Items listed in a dataset
========

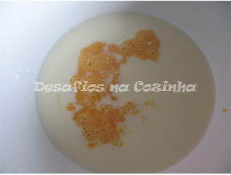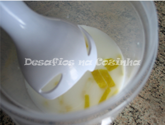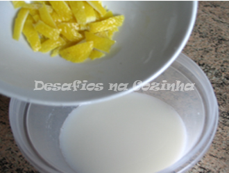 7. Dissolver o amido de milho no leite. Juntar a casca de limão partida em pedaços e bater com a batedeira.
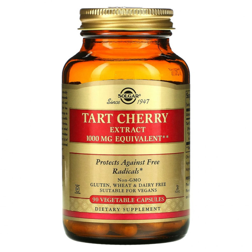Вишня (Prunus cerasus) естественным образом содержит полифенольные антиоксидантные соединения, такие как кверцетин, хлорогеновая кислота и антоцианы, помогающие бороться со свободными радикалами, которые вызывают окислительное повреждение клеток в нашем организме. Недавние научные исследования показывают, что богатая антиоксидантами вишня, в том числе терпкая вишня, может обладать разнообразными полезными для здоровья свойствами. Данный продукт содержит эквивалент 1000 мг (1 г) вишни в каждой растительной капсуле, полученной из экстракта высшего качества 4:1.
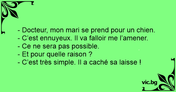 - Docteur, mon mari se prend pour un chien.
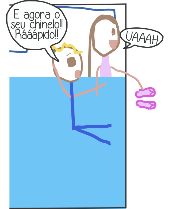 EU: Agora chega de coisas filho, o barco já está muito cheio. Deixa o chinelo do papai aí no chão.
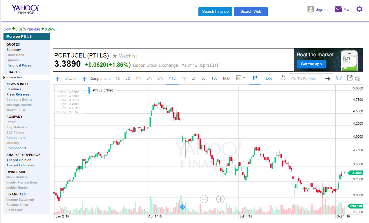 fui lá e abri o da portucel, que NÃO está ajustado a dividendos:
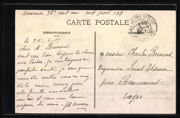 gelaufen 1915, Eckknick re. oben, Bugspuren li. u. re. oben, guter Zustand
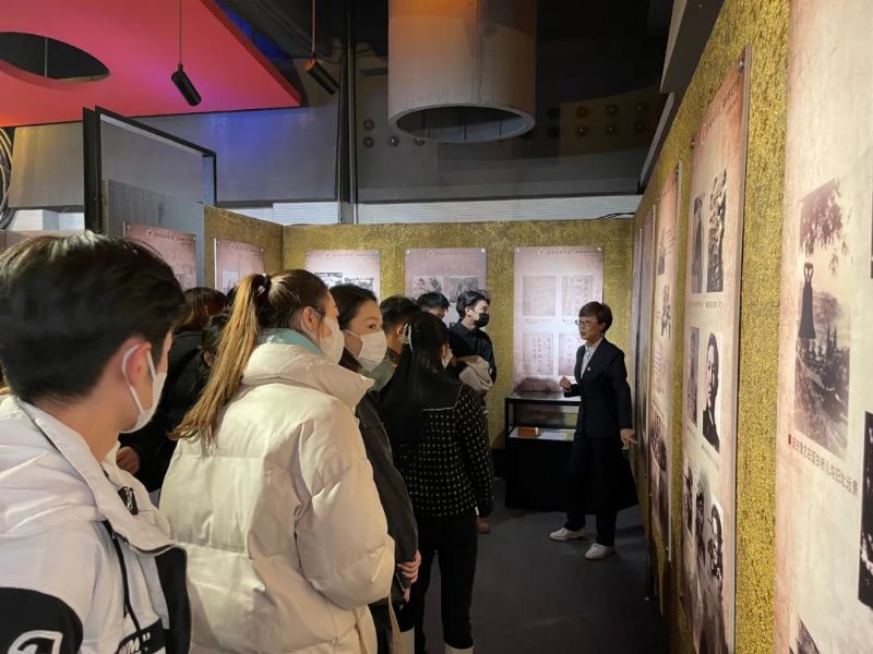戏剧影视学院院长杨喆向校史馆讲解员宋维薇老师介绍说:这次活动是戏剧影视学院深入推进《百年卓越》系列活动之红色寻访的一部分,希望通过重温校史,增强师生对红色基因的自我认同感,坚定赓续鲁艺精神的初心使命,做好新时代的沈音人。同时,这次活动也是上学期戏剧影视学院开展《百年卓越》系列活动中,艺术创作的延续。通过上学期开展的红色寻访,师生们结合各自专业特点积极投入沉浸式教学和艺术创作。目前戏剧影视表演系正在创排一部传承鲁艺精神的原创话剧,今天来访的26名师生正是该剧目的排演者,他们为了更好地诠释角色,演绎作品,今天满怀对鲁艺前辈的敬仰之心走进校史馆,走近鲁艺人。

========

Task to complete :: Beginning at the line with "EU: Agora chega", reproduce each line exactly through the last line of the records above, with pictures left out.

Answer box ::
 EU: Agora chega de coisas filho, o barco já está muito cheio. Deixa o chinelo do papai aí no chão.
 fui lá e abri o da portucel, que NÃO está ajustado a dividendos:
 gelaufen 1915, Eckknick re. oben, Bugspuren li. u. re. oben, guter Zustand
戏剧影视学院院长杨喆向校史馆讲解员宋维薇老师介绍说:这次活动是戏剧影视学院深入推进《百年卓越》系列活动之红色寻访的一部分,希望通过重温校史,增强师生对红色基因的自我认同感,坚定赓续鲁艺精神的初心使命,做好新时代的沈音人。同时,这次活动也是上学期戏剧影视学院开展《百年卓越》系列活动中,艺术创作的延续。通过上学期开展的红色寻访,师生们结合各自专业特点积极投入沉浸式教学和艺术创作。目前戏剧影视表演系正在创排一部传承鲁艺精神的原创话剧,今天来访的26名师生正是该剧目的排演者,他们为了更好地诠释角色,演绎作品,今天满怀对鲁艺前辈的敬仰之心走进校史馆,走近鲁艺人。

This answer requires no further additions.